In a possible implementation, the apparatus further includes:

a third determining module, configured to: determine a target user power spectrum cluster based on the power spectrum of the speech signal containing noise and a user power spectrum distribution cluster, where the user power spectrum distribution cluster includes at least one historical user power spectrum cluster, and the target user power spectrum cluster is a cluster that is in the at least one historical user power spectrum cluster and that is closest to the power spectrum of the speech signal containing noise; and

a fourth determining module, configured to determine the predicted user speech power spectrum based on the power spectrum of the speech signal containing noise and the target user power spectrum cluster.

In a possible implementation, the apparatus further includes:

a fifth determining module, configured to determine a target noise power spectrum cluster based on the power spectrum of the noise signal and a noise power spectrum distribution cluster, where the noise power spectrum distribution cluster includes at least one historical noise power spectrum cluster, and the target noise power spectrum cluster is a cluster that is in the at least one historical noise power spectrum cluster and that is closest to the power spectrum of the noise signal; and

a sixth determining module, configured to determine the predicted environmental noise power spectrum based on the power spectrum of the noise signal and the target noise power spectrum cluster.

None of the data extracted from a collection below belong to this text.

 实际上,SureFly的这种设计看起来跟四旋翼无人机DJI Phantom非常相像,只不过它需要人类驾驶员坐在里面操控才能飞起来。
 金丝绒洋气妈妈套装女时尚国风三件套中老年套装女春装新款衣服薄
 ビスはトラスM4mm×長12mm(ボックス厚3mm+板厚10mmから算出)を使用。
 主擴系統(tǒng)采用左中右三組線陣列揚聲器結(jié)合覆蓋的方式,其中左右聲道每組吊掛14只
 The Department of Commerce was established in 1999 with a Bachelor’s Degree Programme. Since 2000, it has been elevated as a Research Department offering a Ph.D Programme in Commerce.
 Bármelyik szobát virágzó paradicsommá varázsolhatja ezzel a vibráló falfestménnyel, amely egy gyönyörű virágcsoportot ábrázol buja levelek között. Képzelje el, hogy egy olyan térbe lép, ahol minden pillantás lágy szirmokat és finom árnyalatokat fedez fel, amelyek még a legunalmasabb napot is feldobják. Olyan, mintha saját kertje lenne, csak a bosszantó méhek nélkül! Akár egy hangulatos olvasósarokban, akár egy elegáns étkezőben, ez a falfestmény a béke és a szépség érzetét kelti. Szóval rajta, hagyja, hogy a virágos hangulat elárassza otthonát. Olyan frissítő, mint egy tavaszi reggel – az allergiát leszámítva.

In a possible implementation, the apparatus further includes:

a third determining module, configured to determine a target user power spectrum cluster based on the power spectrum of the speech signal containing noise and a user power spectrum distribution cluster;

a fifth determining module, configured to: determine a target noise power spectrum cluster based on the power spectrum of the noise signal and a noise power spectrum distribution cluster, where the user power spectrum distribution cluster includes at least one historical user power spectrum cluster, the target user power spectrum cluster is a cluster that is in the at least one historical user power spectrum cluster and that is closest to the power spectrum of the speech signal containing noise, the noise power spectrum distribution cluster includes at least one historical noise power spectrum cluster, and the target noise power spectrum cluster is a cluster that is in the at least one historical noise power spectrum cluster and that is closest to the power spectrum of the noise signal;

a fourth determining module, configured to determine the predicted user speech power spectrum based on the power spectrum of the speech signal containing noise and the target user power spectrum cluster; and

a sixth determining module, configured to determine the predicted environmental noise power spectrum based on the power spectrum of the noise signal and the target noise power spectrum cluster.

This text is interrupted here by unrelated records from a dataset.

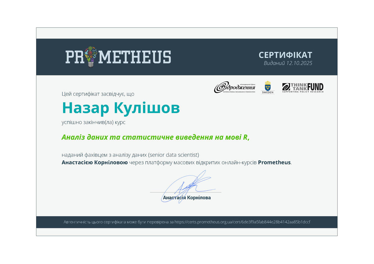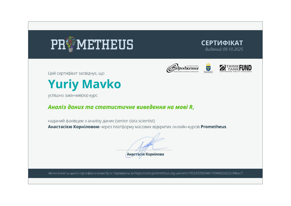 Кожного навчального року кафедра ІТ активно заохочує здобувачів вищої освіти поєднувати формальну та неформальну освіту, брати участь у тематичних курсах від ІТ-компаній, спеціалізованих курсах від Prometheus тощо. Так, в рамках проходження вибіркового курсу «Інтелектуальний аналіз даних» студенти групи Іт-41 Юрій Мавко та Назар Кулішов пройшли навчання на платформі Prometheus та отримали відповідні сертифікати, що підтверджують компетенції, здобуті в неформальній освіті.
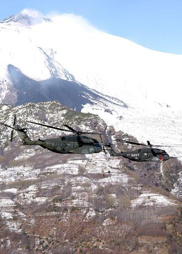 | Keywords: US Navy 050106-N-1550W-001 Two MH-53E Sea Dragon helicopters, assigned to the Black Stallions of Helicopter Combat Support Squadron Four (HC-4), fly in formation in front of Mount Etna.jpg en Mount Etna Sicily Jan 6 2005 - Two MH-53E Sea Dragon helicopters assigned to the Black Stallions of Helicopter Combat Support Squadron Four HC-4 fly in formation in front of Mount Etna the largest active volcano in Europe HC-4 is assigned to Naval Air Station Sigonella Sicily U S Navy photo by Photographer's Mate 2nd Class Elizabeth Williams RELEASED 2005-01-06 050106-N-1550W-001 Navy http //www navy mil/view_image asp id 20598 U S Navy photo by Photographer's Mate 2nd Class Elizabeth Williams PD-USGov-Military-Navy Aerial views of Mount Etna Sikorsky MH-53E Sea Dragon in flight Helicopter Combat Support Squadron 4 United States Navy |
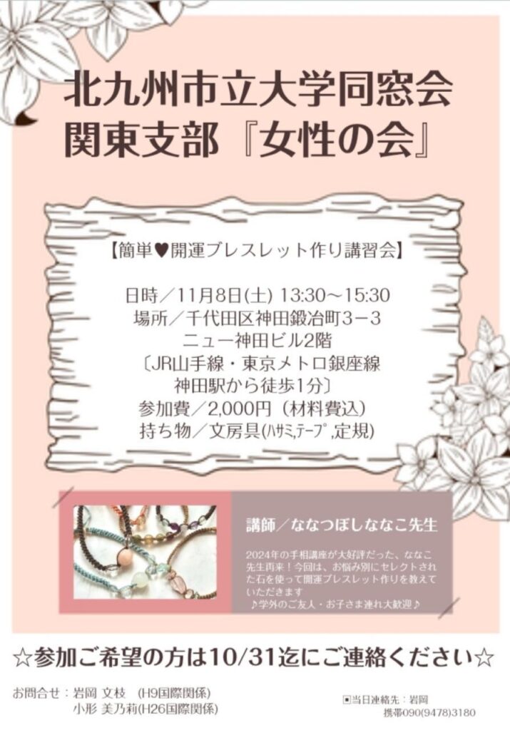 さて掲題の件、今年度の『女性の会』活動のイベントとして 、来る11月8日(土)に【簡単♥開運ブレスレット作り講習会】を講師を招いて開催予定です。

In a possible implementation, the fourth determining module is specifically configured to:

determine the predicted user speech power spectrum based on a first estimation function F4(SP,SPT), where SP represents the power spectrum of the speech signal containing noise, SPT represents the target user power spectrum cluster, F4(SP,PST)=a*SP+(1−a)*PST, and a represents a first estimation coefficient.

In a possible implementation, the sixth determining module is specifically configured to:

determine the predicted environmental noise power spectrum based on a second estimation function F5(NP,NPT), where NP represents the power spectrum of the noise signal, NPT represents the target noise power spectrum cluster, F5(NP. NPT)=b*NP+(1−b)*NPT, and b represents a second estimation coefficient.

In a possible implementation, the apparatus further includes:

a first obtaining module, configured to obtain the user power spectrum distribution cluster.

In a possible implementation, the apparatus further includes:

a second obtaining module, configured to obtain the noise power spectrum distribution cluster.

For beneficial effects of the speech enhancement apparatus provided in the implementations of the second aspect, refer to beneficial effects brought by the implementations of the first aspect. Details are not described herein again.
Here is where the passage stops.